- [INFORMATION GIVEN]
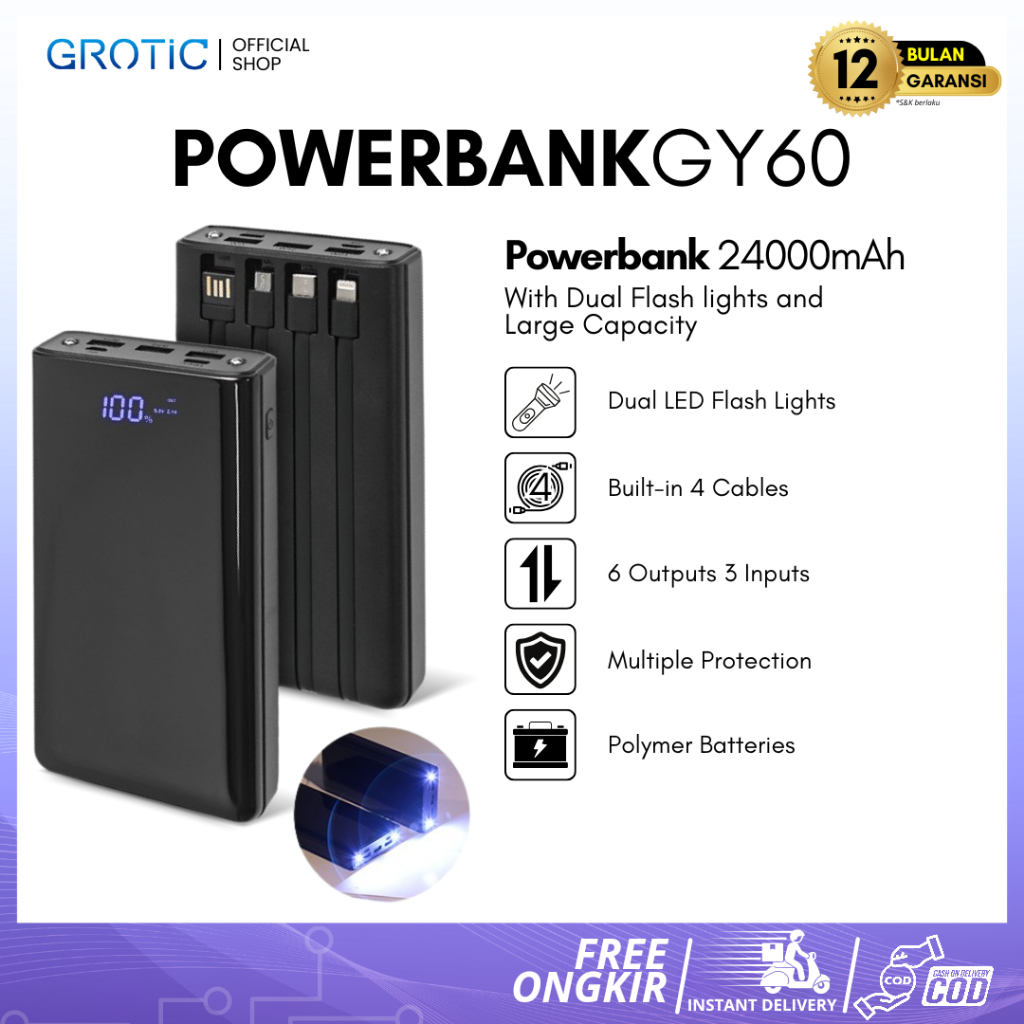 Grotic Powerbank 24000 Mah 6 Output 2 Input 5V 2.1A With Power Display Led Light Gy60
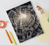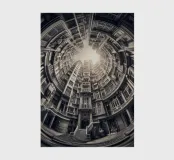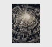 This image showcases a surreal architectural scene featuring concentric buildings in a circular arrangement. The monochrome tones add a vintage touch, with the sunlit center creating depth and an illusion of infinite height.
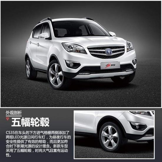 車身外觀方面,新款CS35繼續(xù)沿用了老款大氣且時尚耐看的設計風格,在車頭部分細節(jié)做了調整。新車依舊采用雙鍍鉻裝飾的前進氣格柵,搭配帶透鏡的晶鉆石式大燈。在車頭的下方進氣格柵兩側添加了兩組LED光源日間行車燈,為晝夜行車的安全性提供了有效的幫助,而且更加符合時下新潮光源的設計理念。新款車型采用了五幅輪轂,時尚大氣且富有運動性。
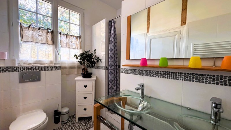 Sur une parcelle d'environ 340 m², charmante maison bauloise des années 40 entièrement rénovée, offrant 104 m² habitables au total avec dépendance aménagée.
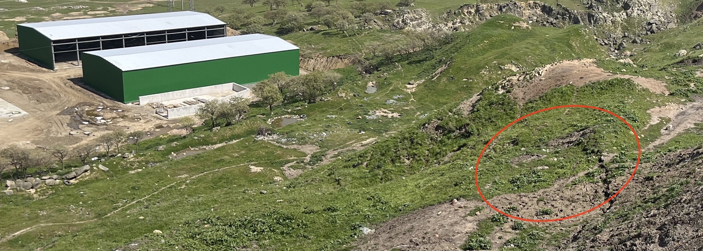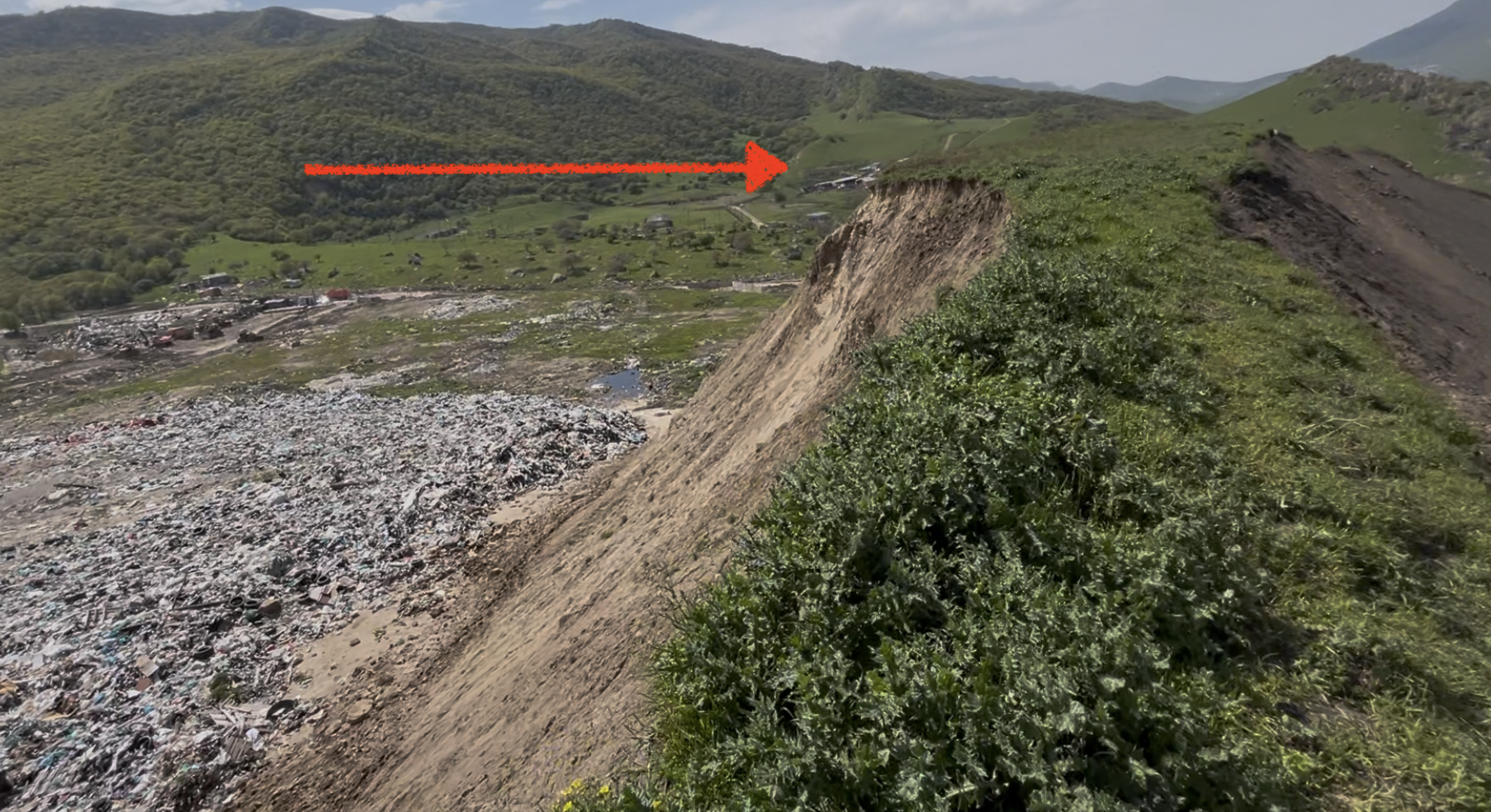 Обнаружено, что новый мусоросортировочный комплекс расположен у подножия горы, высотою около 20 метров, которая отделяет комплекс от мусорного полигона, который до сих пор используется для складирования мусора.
---
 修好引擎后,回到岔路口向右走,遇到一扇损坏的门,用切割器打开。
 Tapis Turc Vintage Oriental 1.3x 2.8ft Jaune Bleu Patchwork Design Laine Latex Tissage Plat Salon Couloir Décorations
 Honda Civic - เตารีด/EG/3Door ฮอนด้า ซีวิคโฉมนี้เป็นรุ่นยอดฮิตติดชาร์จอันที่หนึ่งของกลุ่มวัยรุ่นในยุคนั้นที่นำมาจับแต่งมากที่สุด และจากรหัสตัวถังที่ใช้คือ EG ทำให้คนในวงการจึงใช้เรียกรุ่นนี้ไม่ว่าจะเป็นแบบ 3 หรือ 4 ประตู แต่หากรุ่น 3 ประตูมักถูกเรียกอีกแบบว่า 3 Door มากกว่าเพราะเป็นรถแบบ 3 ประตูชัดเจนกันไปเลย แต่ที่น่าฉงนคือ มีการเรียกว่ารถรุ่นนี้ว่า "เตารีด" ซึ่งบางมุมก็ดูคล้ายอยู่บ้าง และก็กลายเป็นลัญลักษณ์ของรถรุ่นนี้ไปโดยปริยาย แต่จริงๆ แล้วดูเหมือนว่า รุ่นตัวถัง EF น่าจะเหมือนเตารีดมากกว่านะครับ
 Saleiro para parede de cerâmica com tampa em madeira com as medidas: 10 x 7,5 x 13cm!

- [WORK ITEM]
Output exactly the lines above, beginning at the one with "Grotic Powerbank 24000" and stopping after the one with "車身外觀方面,新款CS35繼". Pictures are to be omitted.

- [YOUR RESPONSE]
 Grotic Powerbank 24000 Mah 6 Output 2 Input 5V 2.1A With Power Display Led Light Gy60
 This image showcases a surreal architectural scene featuring concentric buildings in a circular arrangement. The monochrome tones add a vintage touch, with the sunlit center creating depth and an illusion of infinite height.
 車身外觀方面,新款CS35繼續(xù)沿用了老款大氣且時尚耐看的設計風格,在車頭部分細節(jié)做了調整。新車依舊采用雙鍍鉻裝飾的前進氣格柵,搭配帶透鏡的晶鉆石式大燈。在車頭的下方進氣格柵兩側添加了兩組LED光源日間行車燈,為晝夜行車的安全性提供了有效的幫助,而且更加符合時下新潮光源的設計理念。新款車型采用了五幅輪轂,時尚大氣且富有運動性。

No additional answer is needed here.